Azusa Ito scite author profile

Sodium orthovanadate (vanadate) inhibits the DNA-binding activity of p53, but its precise effects on p53 function have not been examined. Here, we show that vanadate exerts a potent antiapoptotic activity through both transcription-dependent and transcription-independent mechanisms relative to other p53 inhibitors, including pifithrin (PFT) α. We compared the effects of vanadate to PFTα and PFTµ, an inhibitor of transcriptionindependent apoptosis by p53. Vanadate suppressed p53-associated apoptotic events at the mitochondria, including the loss of mitochondrial membrane potential, the conformational change of Bax and Bak, the mitochondrial translocation of p53, and the interaction of p53 with Bcl-2. Similarly, vanadate suppressed the apoptosis-inducing activity of a mitochondrially targeted temperature-sensitive p53 in stable transfectants of SaOS-2 cells.
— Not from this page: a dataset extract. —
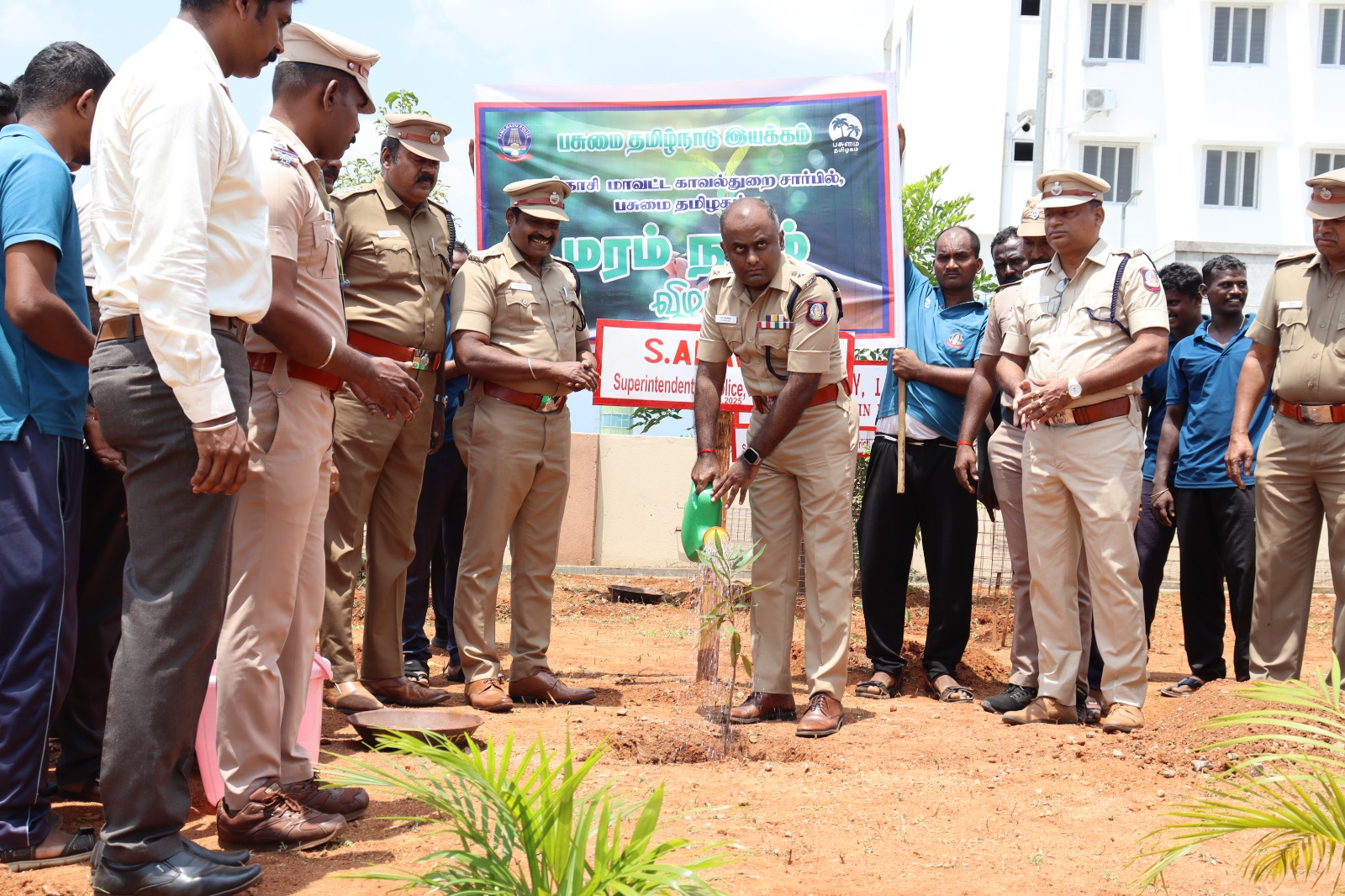 தென்காசி மாவட்ட காவல்துறை மற்றும் பசுமை தமிழ்நாடு இயக்கம் சார்பாக இயற்கை வளங்களை பாதுகாக்கும் விதமாகவும், மரம் நடுவதை ஊக்குவிக்கும் விதமாகவும் இன்று மாவட்ட காவல் கண்காணிப்பாளர் அரவிந்த் தலைமையில் மாவட்ட காவல் அலுவலகத்தில் பணிபுரியும் காவல் துறையினர்

In radioprotection assays, which rely on p53, vanadate completely protected mice from a sublethal dose of 8 Gy and partially from a lethal dose of 12 Gy. Together, our findings indicated that vanadate effectively suppresses p53-mediated apoptosis by both transcription-dependent and transcriptionindependent pathways, and suggested that both pathways must be inhibited to completely block p53-mediated apoptosis. Cancer Res; 70(1); 257-65. ©2010 AACR.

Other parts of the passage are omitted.